Fitra tampak memegang kemudi dengan gundah. Mobil masih berada di lajur kiri. Beberapa kali mobil pun disalip.
“Saya nggak khawatir dengan arah.” Fitra menggumam sambil memegang erat kemudi. “Dulu, waktu pertama kali saya mudik ke Yogya pakai mobil dua tahun lalu, saya tidak ada GPS sama sekali. Bekal kami cuma peta. Dan kami waktu itu lewat jalur alternatif juga.”
Fitra menoleh, lalu menggeleng. “Tidak ada kejadian apa-apa. Kami selamat sampai tujuan.”
“Nah, berarti aman, kan?” ujar Gya.
“Saya….” Fitra tampak berkonsentrasi dengan jalan di depannya. Mobil melaju perlahan dan masih disusul kendaraan lain dari sisi kanannya. “...tidak khawatir dengan rute.” Fitra menghela napas. “Yang saya khawatirkan adalah kondisi jalannya.”
“Tenang, Fit.” Christie akhirnya bicara juga. Nada suaranya jauh berbeda dengan sebelumnya. “Ini perjalanan kita bersama. Jangan ambil beban itu sendiri. Kita lalui bareng-bareng. Ya?”
Fitra menoleh ke belakang. Kemudian segera menghadap ke depan lagi.
Christie tersenyum. Namun, tentu saja Fitra tidak melihatnya. Christie sendiri heran dengan kata-katanya barusan. Karena … ia pun juga sedang mengawal sebuah “perjalanan” yang lain. “Perjalanan” yang harus ia pastikan tiba di tujuan dengan selamat. “Perjalanan” yang bahkan tujuannya pun … entah! “Perjalanan” yang bahkan ia sendiri tidak ingin melaluinya. Dan ia pun tengah memikul beban itu sendirian–setidaknya itulah yang ia rasakan.

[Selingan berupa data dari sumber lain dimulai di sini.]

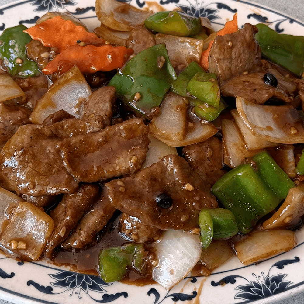 Classic Chinese-style pepper steak stir-fried with onions and bell peppers in a bold brown sauce. A timeless, hearty dish.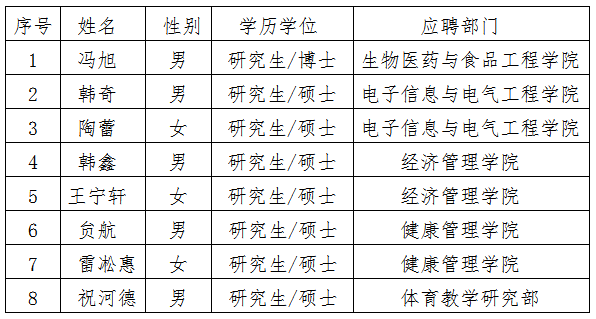 根据陕西省人社厅《关于陕西省事业单位公开招聘人员办法》规定及《88038威尼斯2020年人才招聘计划》,经过资格审查、试讲、专家面试等环节考察,并经院长办公会2019年12月12日研究,同意招聘冯旭等8位同志来我校工作,现予以公示。如有异议,请于2019年12月18日前向人事处或纪委办公室反映。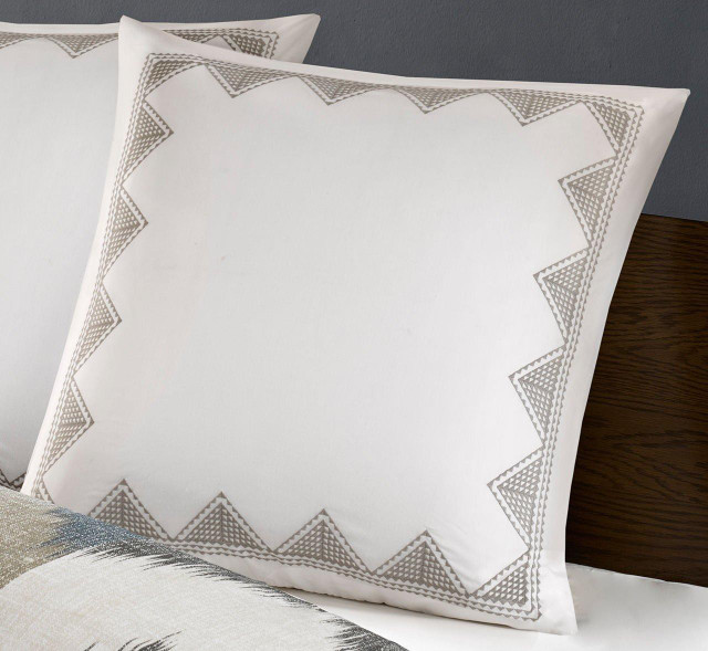 Add a touch of drama to your bedding with the INK+IVY Isla Euro Sham. This sham features a geometric design embroidered along the edge of a white ground. This sham features a topical antimicrobial treatment that prevents bacteria buildup to keep the fabric fresher, longer. This euro pillow cover can be easily mixed and matched with your home decor to create that perfect look. Inlcudes one euro pillow cover, Filler pillow is NOT included. Euro sham measures 26 in. x 26 in.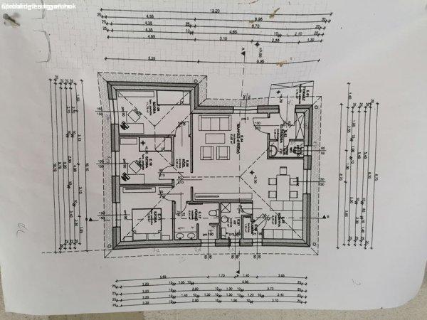 megvan. A ház elosztása: Nappali, étkező,30,85 m2, konyha 6,78 m2, spájz, 1,32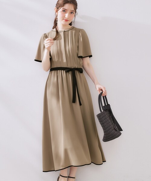 胸元にピンタックを施したキレイ見えのシャツワンピース ~POINT~ 衿元は詰まりすぎないようにし、台衿にすることですっきり感を出しています 衿元、裾・ウエストのリボンに配色を効かせたデザインです ウエストにはゴムが入っていて着心地も良いです 前上身頃は比翼開きになっておりキレイ見えします 【素材・機能】 麻調の合繊素材で涼し気な軽やかな素材です 【仕様】 ・ポケットなし ・スカート部分のみ裏地あり ※裏地のない部分はやや透け感があります ※照明の関係により、実際よりも色味が違って見える場合があります。また、パソコン・スマートフォンなどの環境により、若干製品と画像のカラーが異なる場合もございます。 【スタッフコメント】 ・saori(153 )楽ちんな着心地なのにオシャレな配色デザインできちんと感のでる優秀ワンピースです!通勤にはもちろん、おでかけにもおすすめ◎麻調でさらっとしており、暑い夏も活躍すること間違いなし! 【25SS NEW ARRIVAL】 【25SS NEW COLLECTION】 モデル情報:身長163cm B81 W56 H82 着用サイズ:38(M) 店舗へのお問い合わせ商品番号:508-52026 ●製品寸法: 36(S):着丈115cm B100cm 袖丈24cm 肩幅35cm W70cm H133cm 38(M):着丈117cm B103cm 袖丈25cm 肩幅36cm W73cm H136cm 40(L):着丈120cm B106cm 袖丈26cm 肩幅37cm W76cm H139cm 42(LL):着丈121cm B109cm 袖丈27cm 肩幅38cm W79cm H142cm 備考: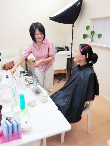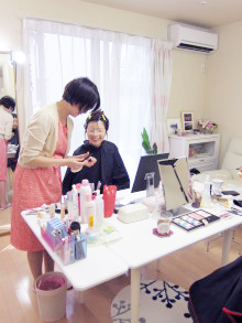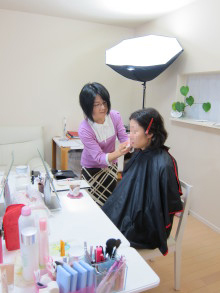 このように、2人のモデルさんにお化粧をしていただくんです。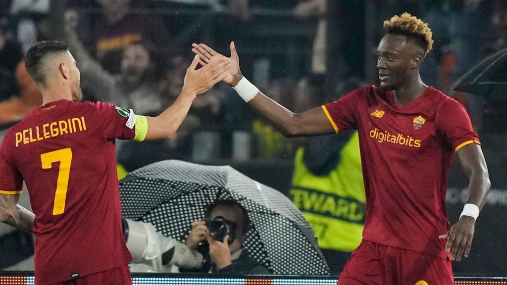 Roma’s Tammy Abraham and Lorenzo Pellegrini celebrate their win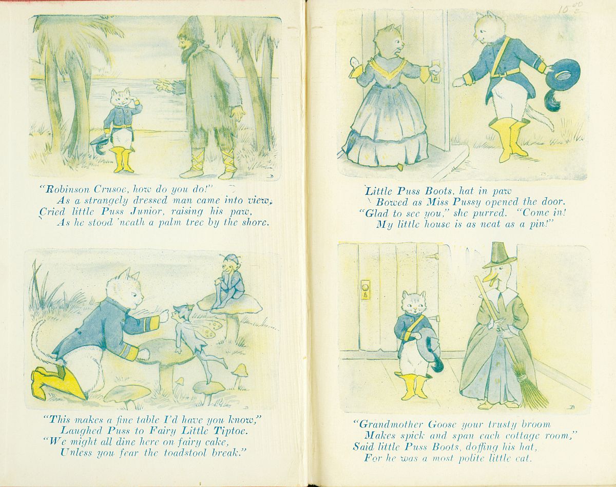 The Project Gutenberg EBook of Puss Junior and Robinson Crusoe, by David Cory This eBook is for the use of anyone anywhere at no cost and with almost no restrictions whatsoever. You may copy it, give it away or re-use it under the terms of the Project Gutenberg License included with this eBook or online at www.gutenberg.org Title: Puss Junior and Robinson Crusoe Author: David Cory Illustrator: E. J. Babcock Release Date: May 25, 2010 [EBook #32535] Language: English Character set encoding: ISO-8859-1 *** START OF THIS PROJECT GUTENBERG EBOOK PUSS JUNIOR AND ROBINSON CRUSOE *** Produced by Suzanne Shell, Emmy and the Online Distributed Proofreading Team at https://www.pgdp.net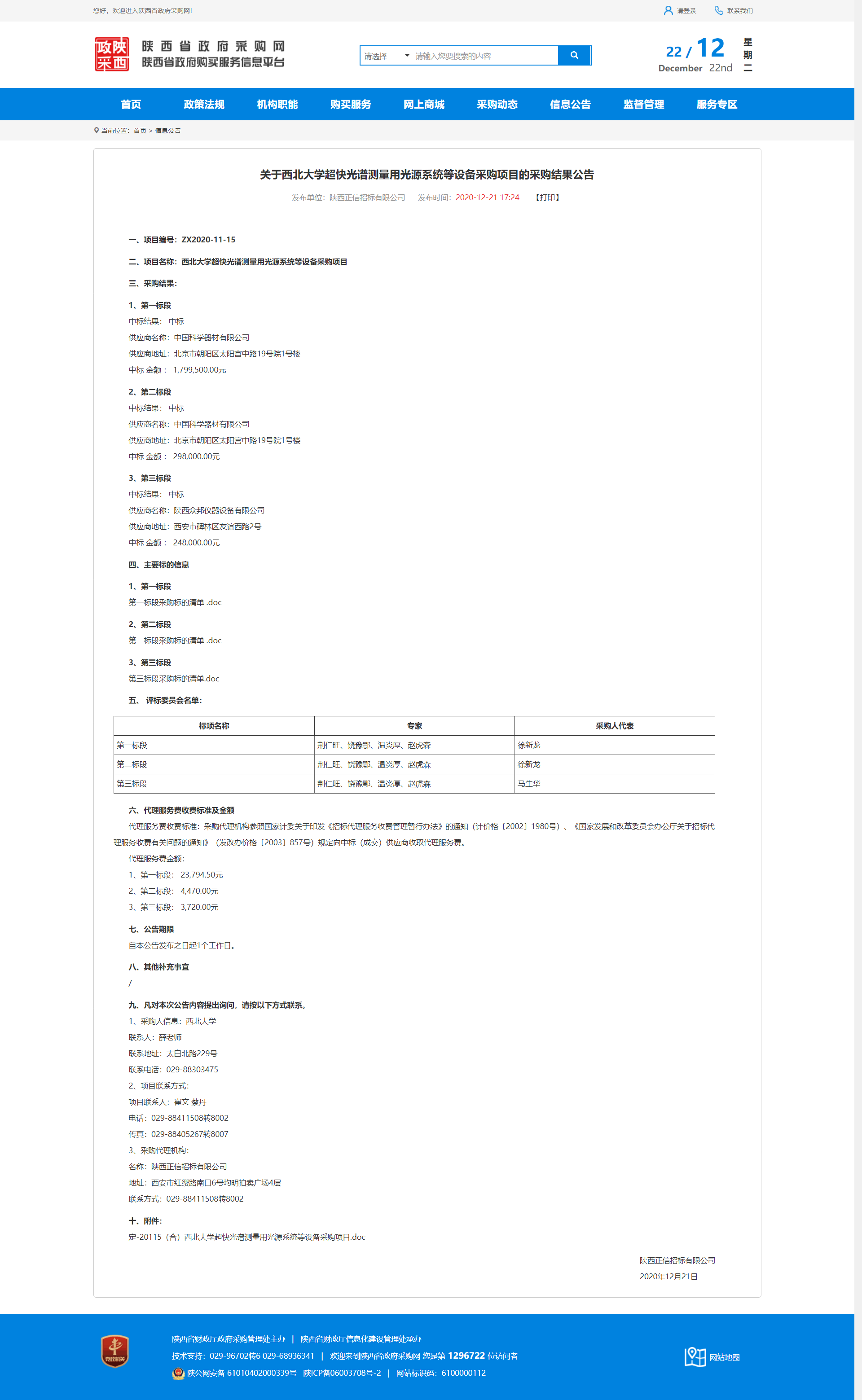 关于古天乐代言太阳集团城网址超快光谱测量用光源系统等设备采购项目的采购结果公告 作者: 编辑:薛利娟 时间:2020-12-22 原公告地址:http://www.ccgp-shaanxi.gov.cn/notice/noticeDetail.do?noticeguid=8a85be33765f9dd001768497df5d65ae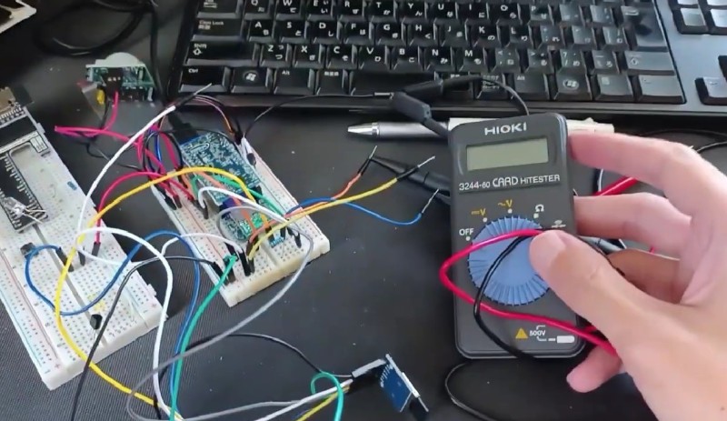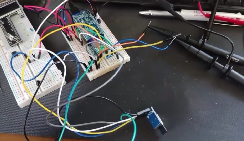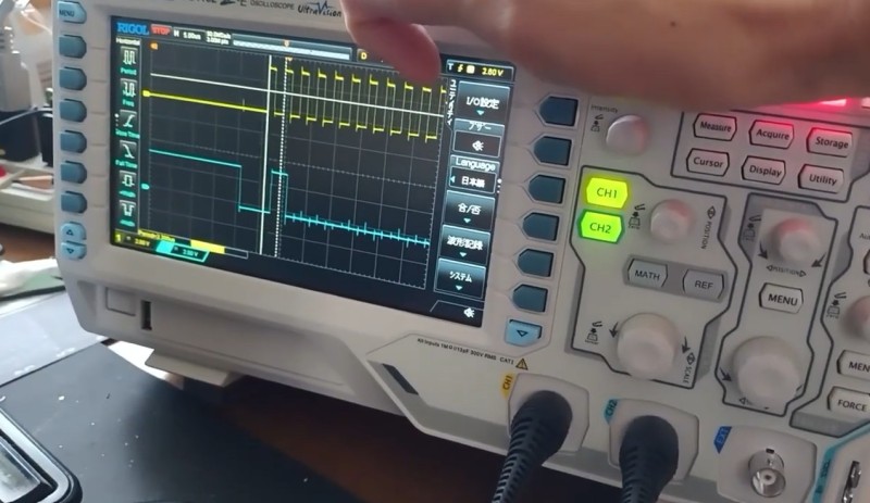 いくらプログラムをデバッグしてもこれに気づけなくて、これSPIという通信でマイコンとSDカードが通信していて、こういうテスターですね。これで電圧とか見て動いているのかなというのを見るわけです。

Christie menghela napas dan menyandarkan punggungnya. Ia menatap keluar. Lalu tampak pohon-pohon yang seakan semakin cepat berlari. Christie lagi-lagi tersenyum. Fitra sudah lebih yakin tampaknya. Mobil kembali melaju.
Jalan di depan tampak menanjak dan berkelok. Meski demikian, kiri dan kanannya masih tampak padat dengan bangunan. Sebuah kompleks bangunan besar dan luas terpampang di kiri jalan dengan penunjuk nama besar-besar: Universitas Padjadjaran. Tak jauh dari situ, terdapat kompleks bangunan dengan pahatan nama yang sangat jelas; Institut Teknologi Bandung.
Fitra melirik sekilas ke papan nama kampusnya itu–ITB. Kampus ITB memang memiliki gedung di Jatinangor yang terhitung baru. Beberapa kelas kuliah ada yang mulai dipindahkan ke sana. Tentu saja tidak termasuk kelas kuliah yang diikuti Fitra. Karena, ini adalah pertama kalinya ia melihat bangunan kampus ITB cabang Jatinangor.
Jalan yang dilalui semakin menanjak. Barisan bangunan perlahan-lahan berganti dengan rimbunan pepohonan di kiri dan kanan jalan. Hamparan sawah juga mulai terlihat. Dan antrean kendaraan mulai memadat di dua lajur. Namun, antrean di lajur berlawanan bukankah karena terhambat aksi unjuk rasa yang berlangsung terlalu jauh di bawah sana. Melainkan karena kondisi jalan yang berlubang. Juga karena angkutan-angkutan umum yang berhenti sembarangan. Untuk yang terakhir, ini juga berlaku untuk lajur yang dilalui sedan putih berlambang singa itu.
Fitra semakin meningkatkan konsentrasinya. Ia memang tidak ada masalah sama sekali dengan rute. Toh, ini jalan utama. Bahkan, rasanya ada bus dari Bandung juga yang rutenya lewat sini. Namun, kondisi dan situasi di jalan yang membuat Fitra was-was. Entah kenapa, sejak memasuki Sumedang, perasaannya menjadi tidak enak. Meski, mungkin saja itu lebih karena pertengkarannya dengan Christie sebelumnya. Meski….
“Wow!” Gya spontan memegang gagang di atas pintu dengan tangan kirinya.
“Maaf, Mbak.” Fitra merasa tidak enak.
Namun, Gya maklum. Fitra baru saja menghindari lubang yang lumayan besar. Mengendarai mobil di lereng gunung dengan kondisi jalan agak rusak memang membutuhkan konsentrasi.